*** Input for this task Section Begins ***
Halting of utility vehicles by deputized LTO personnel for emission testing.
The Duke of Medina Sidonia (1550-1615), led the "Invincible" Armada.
*** Input for this task Section Ends ***
*** Input for this task Section Begins ***
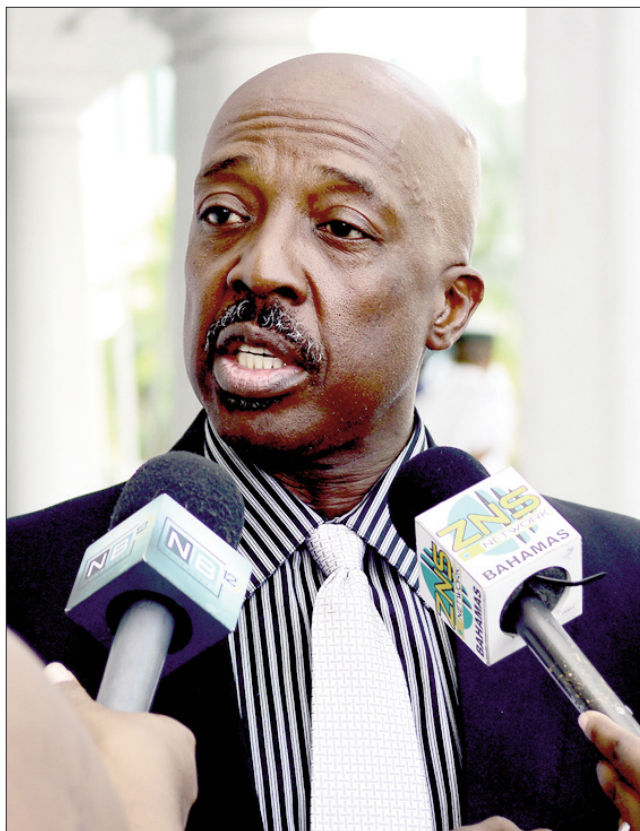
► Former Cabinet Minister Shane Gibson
*** Input for this task Section Ends ***
Above are records; repeat only the lines starting at the line with "Halting of utility" and ending at the line with "The Duke of", exactly as they appear, both included.

Halting of utility vehicles by deputized LTO personnel for emission testing.
The Duke of Medina Sidonia (1550-1615), led the "Invincible" Armada.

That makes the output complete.